Amartya Sen untersucht die Rolle von Institutionen

Jede Theorie der Gerechtigkeit muss laut Amartya Sen der Rolle von Institutionen einen wichtigen Platz einräumen. Damit ist die Wahl bestimmter Institutionen zwangsläufig ein zentraler Bestandteil jeder plausiblen Darstellung der Gerechtigkeit. Allerdings muss man sich dabei um Institutionen bemühen, die Gerechtigkeit fördern und dabei vermeiden Institutionen schon für sich genommen als Erscheinungsformen von Gerechtigkeit anzusehen. Denn das würde die falsche Überzeugung widerspiegeln, dass ausschließlich Institutionen das Fundament der Gerechtigkeit sind. Man muss immer prüfen, welche sozialen Verwirklichungen und Verbesserungen auf institutionellen Fundamenten tatsächlich zustande kommen. Amartya Sen schreibt: „Natürlich können die Institutionen selbst mit gutem Grund als Teil der Verwirklichung zählen, die man durch sie erreicht. Aber sie können kaum die Gesamtheit dessen sein, was wir im Blick haben müssen, denn es geht auch um das Leben von Menschen.“ Amartya Sen ist Professor für Philosophie und Ökonomie an der Harvard Universität. Im Jahr 1998 erhielt er den Nobelpreis für Ökonomie.

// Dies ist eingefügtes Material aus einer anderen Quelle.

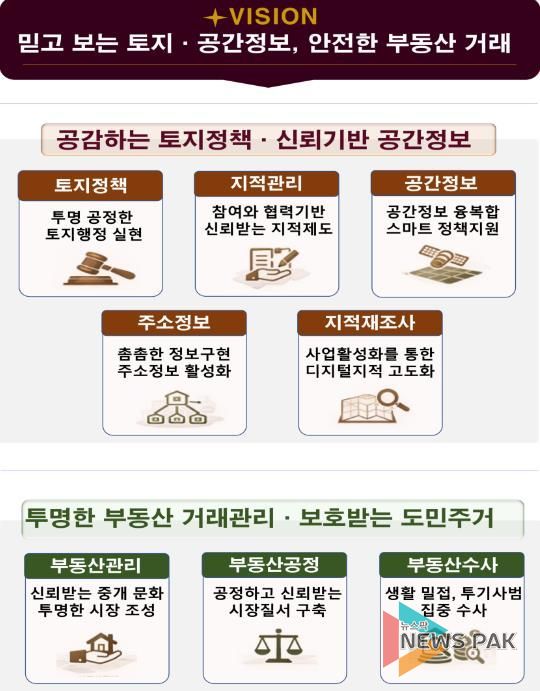 추진계획은 ▲투명하고 균형 잡힌 제도 운영으로 신뢰받는 토지행정 실현 ▲참여와 협력을 통한 신뢰받는 지적제도 정착 ▲공간정보 융·복합을 통한 스마트한 정책 지원 ▲촘촘한 주소정보 구현 및 주소정보 활성화 추진 ▲사업활성화를 통한 디지털지적 고도화 ▲신뢰받는 중개 문화와 투명한 부동산 시장 조성 ▲공정하고 신뢰받는 시장질서 구축 ▲생활밀접, 투기사범 집중수사 등 8대 전략을 바탕으로 한 92개 세부 이행과제로 구성됐다.
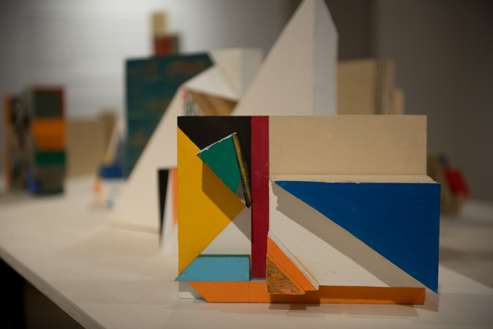 “The next one I am gonna start is with a chainsaw…I’ve never chainsawed paper but that’s not a bad idea.” Those are the last lines of a video made by Winooski documentarian Dan Higgins during a visit to Edwin Owre’s studio in December 2011. Owre’s comments speak to his particular brand of artmaking: an experimental approach to materials, a disdain for “fussiness”, and a willingness to “give it a go” and see what happens. Architect David Sellers cites Owre as instrumental in establishing a movement of design/build in which artists and sculptors and architects design and build things in the process of making something. But the cavalier buoyancy with which Owre’s approaches artmaking is tempered by a keen ability to react and respond to movements in art. Owre’s fluency with color, shape, and composition pours out of the constructions on view at the BCA Center this past winter, and, if I may be so bold, suggest that Owre is doing with landscape painting what John Chamberlain did with abstract expressionism. He is bringing it into the third dimension.

Eine Institution kann nicht allein für Gerechtigkeit sorgen

Amartya Sen weiß, dass das Verfahren, verwirklichte Gerechtigkeit mit der institutionellen Struktur, die als die richtige gilt, gleichzusetzen, in ökonomischen und sozialen Analysen eine lange Tradition hat. Er glaubt allerdings stichhaltige Gründe dafür zu haben, dass es für keine dieser großartigen Institutionsanalysen typisch ist, die Hoffnungen ihrer visionären Befürworter einzulösen. Denn das Gelingen ihrer geplanten sozialen Verwirklichungen hängt weitgehend von wechselnden sozialen, kulturellen, ökonomischen und politischen Bedingungen ab.

Die Überzeugung, dass ausschließlich Institutionen das Fundament für Gerechtigkeit sind, könnte laut Amartya Sen zu einer groben Missachtung der Komplexität von Gesellschaften führen. Zudem könnte die Selbstzufriedenheit, die ziemlich häufig mit vermeintlich souveräner Klugheit bezüglich der Institutionen einhergeht, sogar eine kritische Überprüfung der tatsächlichen Konsequenzen blockieren. Diese ergeben sich aus der Verfügbarkeit der empfohlenen Institutionen.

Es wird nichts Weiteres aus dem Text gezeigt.